Standing Committee Against Censorship
Function: To solicit and receive reports of censorship incidents from NCTE members, constituent groups, and sources outside the Council; to serve as a resource on current patterns of censorship; supporting the anti-censorship service office at headquarters; to develop written guidelines for students' Right to Write, including advice for schools dealing with situations in which student writing is taken as threatening to the safety of other students, where freedom of expression must be weighed against individual or school security; to develop a written position on whether the narrowing of the curriculum that occurs in response to high-stakes testing can be understood as censorship.

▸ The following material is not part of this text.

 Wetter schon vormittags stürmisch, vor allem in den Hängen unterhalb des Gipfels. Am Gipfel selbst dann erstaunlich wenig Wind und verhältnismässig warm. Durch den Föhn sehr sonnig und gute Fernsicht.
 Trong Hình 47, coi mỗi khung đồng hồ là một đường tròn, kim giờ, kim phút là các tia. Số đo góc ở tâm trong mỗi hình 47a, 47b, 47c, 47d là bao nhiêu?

Such a position may be related to your Right to Write work, but it may also warrant a separate statement; and to develop a written position on whether the restriction of student language to English may be an act of censorship, and whether schools in which students speak multiple languages but where only English is evident in print materials is an instance of censorship.

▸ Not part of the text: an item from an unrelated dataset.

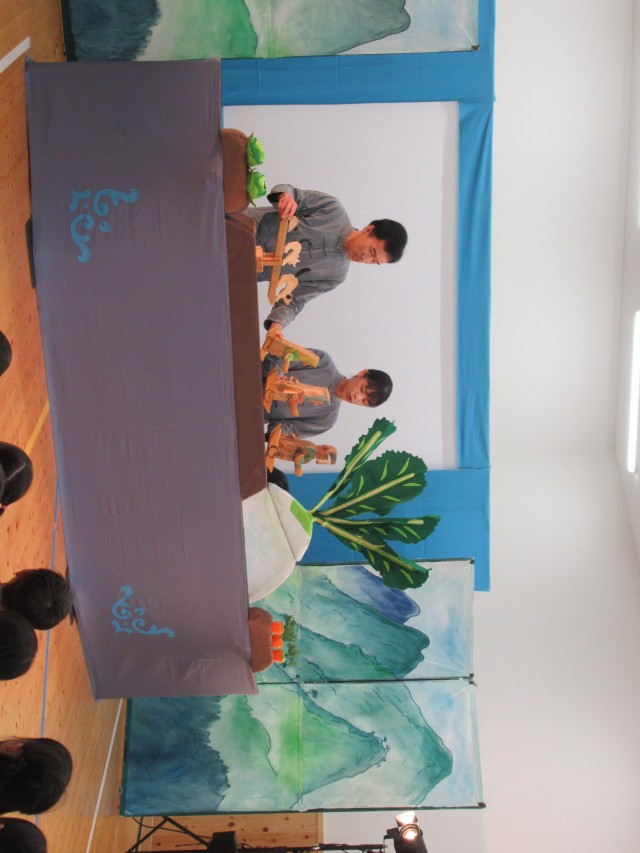 5年ぶりに人形劇が来ました。初めての子どもたちはみんな目がキラキラしながら見ていました。「おおきなカブ」「マーリャの魔法の筆」の二本立てでした。人形の動きに笑ったり、少し怖がったりしていました。本物に出会えて子どもたちの心が豊かになった一瞬でした。 | ||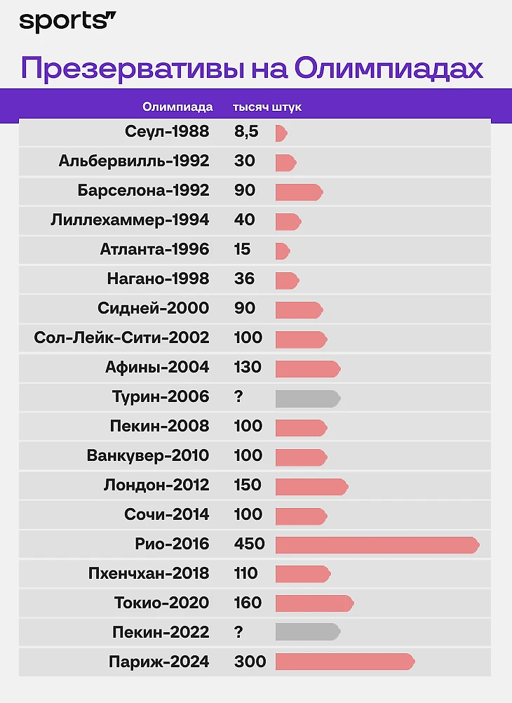 На зимней Олимпиаде-2022 в Пекине ковид-ограничения все еще действовали, но от традиции с раздачей презервативов не отказались. Правда, точное число так и не назвали, поэтому на нашем графике в начале текста вы видите знаки вопроса.

What major actions or projects have been completed by your group since July 1, 2005?
- Sponsored two sessions at the 2005 annual convention, one featuring a presentation by Lois Lowry, the other considering students’ rights to write, featuring committee members Bob Crafton and Elissa Kido along with Doug Hesse
- Submitted proposals for the 2006 annual convention, one featuring Nancy Garden, the other reserved for the winner of this year’s Intellectual Freedom Award
- Participated with members of SLATE in the selection of Senator Richard Durbin as the recipient of the 2005 NCTE/SLATE National Intellectual Freedom Award
What projects, initiatives, or studies are “in progress” at this time?
- • Revision of “Defining and Defending Instructional Methods”

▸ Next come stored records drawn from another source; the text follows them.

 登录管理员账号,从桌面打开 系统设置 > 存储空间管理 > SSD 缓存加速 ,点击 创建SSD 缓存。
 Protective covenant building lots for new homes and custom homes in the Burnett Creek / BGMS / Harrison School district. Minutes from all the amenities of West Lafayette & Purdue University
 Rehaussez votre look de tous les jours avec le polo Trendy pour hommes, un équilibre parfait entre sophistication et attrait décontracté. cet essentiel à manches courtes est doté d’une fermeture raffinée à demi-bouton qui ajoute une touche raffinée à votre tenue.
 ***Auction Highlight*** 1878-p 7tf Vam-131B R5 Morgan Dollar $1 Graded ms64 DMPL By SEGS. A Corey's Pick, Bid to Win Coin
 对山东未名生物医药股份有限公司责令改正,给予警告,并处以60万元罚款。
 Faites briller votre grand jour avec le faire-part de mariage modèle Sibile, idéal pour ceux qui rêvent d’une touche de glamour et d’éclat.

- Developing a policy statement in response to the 2004 “Resolution on Students’ Rights of Expression”
- Participating in the selection of this year’s recipient of the NCTE/SLATE National Intellectual Freedom Award
- Review and selection of new committee members, increasing committee membership from 10 to 15 over the next three years
- Development of a committee listserv to facilitate communication and interaction among committee members
Strategic Governance: Over the past two years, the NCTE Executive Committee has established outcomes and priorities relating to these key topics in our field: Teacher Quality, Adolescent Literacy, Assessment, Writing, Multimodal Literacy and Technology, Research and Teaching, and English Language Learners. Currently, they are investigating the broad topic of professional development for literacy educators.
Does your group have research findings or suggestions to contribute that are relevant to on-going work on these strategic governance topics?
Given the numerous challenges we are seeing in our schools to students’ and teachers’ First Amendment rights—e.g. the frequency with which instructional materials and library holdings are being challenged and removed; the disciplining of students (and faculty) for student expression, both on and off campus, that the administration deems problematic—a refresher course (a primer?) in First Amendment law, especially as it pertains to student and faculty rights to free expression, seems in order. Teachers, administrators, and school board members know too little about key court decisions (West Virginia v Barnette, Tinker v Des Moines, Island Trees v Pico, Hazelwood v Kuhlmeier, Texas v Johnson, In re George T., to name a few) or about key international agreements like the United Nations’ 1949 Universal Declaration of Human Rights which speak materially to student and faculty rights and which might, if more broadly known and understood, provide a foundation for responding, in general, to challenges to those rights. Defining and defending these rights seems critical in the current climate and central to governance issues at a number of levels.